I have a wide dataset that has psychometric measures taken from participants across various timepoints.
Time varying labels within the psychometric measures are in the form:
QuestionnaireTime_Item#
.
An example is dass1_1
where dass
= Questionnaire
, 1_
= Time_
questionnaire was administered; and 1
= Item#
of the relevant questionnaire.
This is mostly consistent across the questionnaires, however there is one psychometric
variable that does not follow this nomenclature: siss1
. Although this
nomenclature is consistent with other variables denoting the date and session
number of data collection i.e., date1
and session1
.
As as can be seen, the labels for these variables are at the ends of the variables.
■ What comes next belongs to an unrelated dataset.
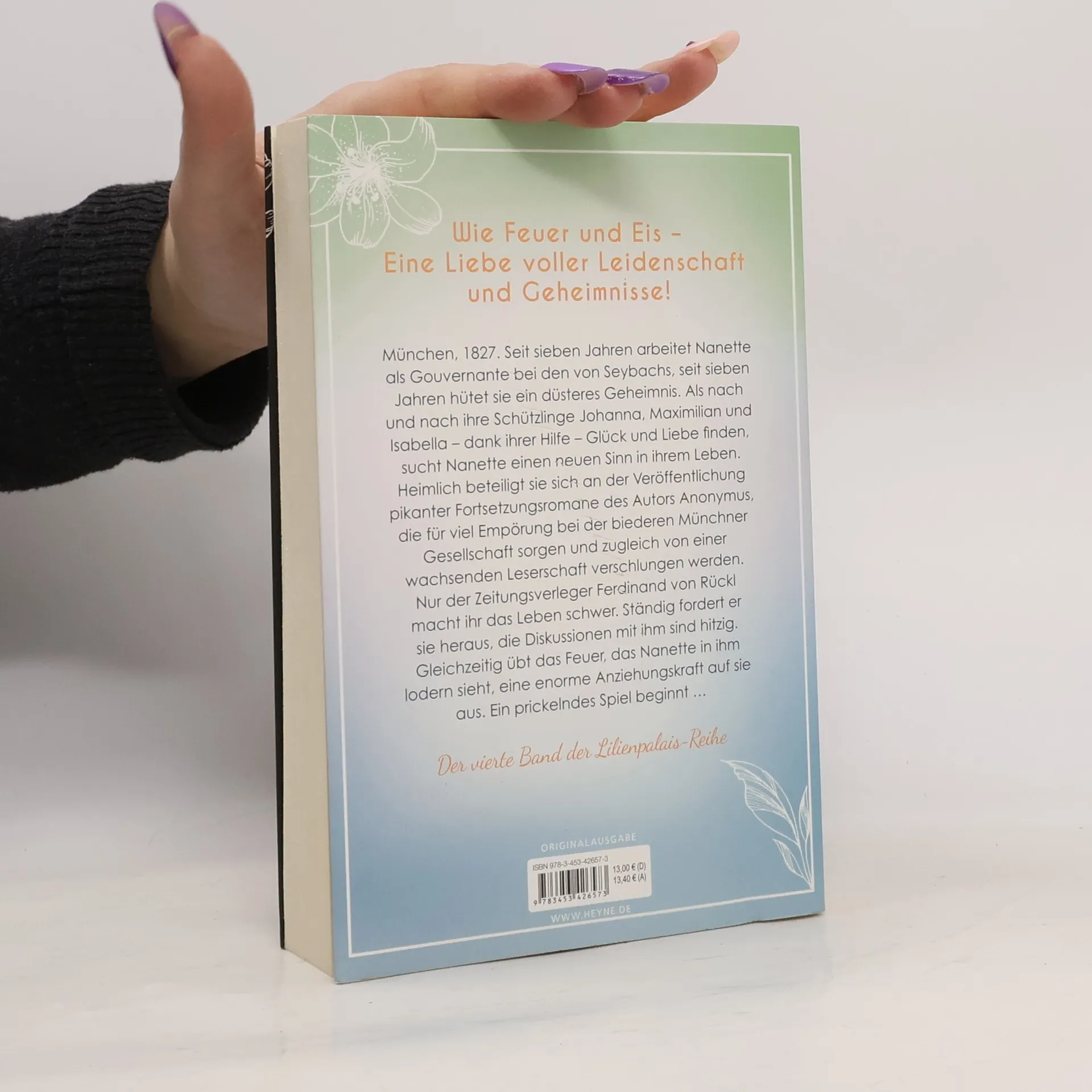Wie Feuer und Eis – Eine Liebe voller Leidenschaft und Geheimnisse München, 1827. Seit sieben Jahren arbeitet Nanette als Gouvernante bei den von Seybachs, seit sieben Jahren hütet sie ein düsteres Geheimnis. Als nach und nach ihre Schützlinge Johanna, Maximilian und Isabella – dank ihrer Hilfe – Glück und Liebe finden, sucht Nanette einen neuen Sinn in ihrem Leben. Heimlich beteiligt sie sich an der Veröffentlichung pikanter Fortsetzungsromane des Autors Anonymus, die für viel Empörung bei der biederen Münchner Gesellschaft sorgen und zugleich von einer wachsenden Leserschaft verschlungen werden. Nur der Zeitungsverleger Ferdinand von Rückl macht ihr das Leben schwer. Ständig fordert er sie heraus, die Diskussionen mit ihm sind hitzig. Gleichzeitig übt das Feuer, das Nanette in ihm lodern sieht, eine enorme Anziehungskraft auf sie aus. Ein prickelndes Spiel beginnt ...

However, there are a number of variables that contain a numeral in the name that should not be changed, specifically cff1
, cff2
, etc., which denote item number on this measure and not time (however, they are only asked once during the datefinal
collection period [see below]).
Time in the variable names is denoted by numerals in most cases (1--14) with the exception of the word
'final' (e.g., datefinal
, sessionfinal
, dassfinal_1
, sissfinal
) for the last session.
Additionally, there is a data collection period that took place at 6- and 12-months after the final session datefinal
data collection period.
These are denoted are denoted with 6fup
or 12fup
e.g., date_6fup
, and dass6fup_2
.
I would like change the string denoting the time variable to make it consistent and have it at the start of each variable name. Additionally, I would like to have an underscore between the name of the questionnaire and the relevant item number. For example:
date1
->T1.date
session1
->T1.session
siss2
->T2.siss
dass1_1
->T1.dass_1
datefinal
->T15.date
dass_6fup_2
->T16.dass_2
date_12fup
->T17.date
What is the best way to do this given that the numerical value denoting the time changes and is inconsistent?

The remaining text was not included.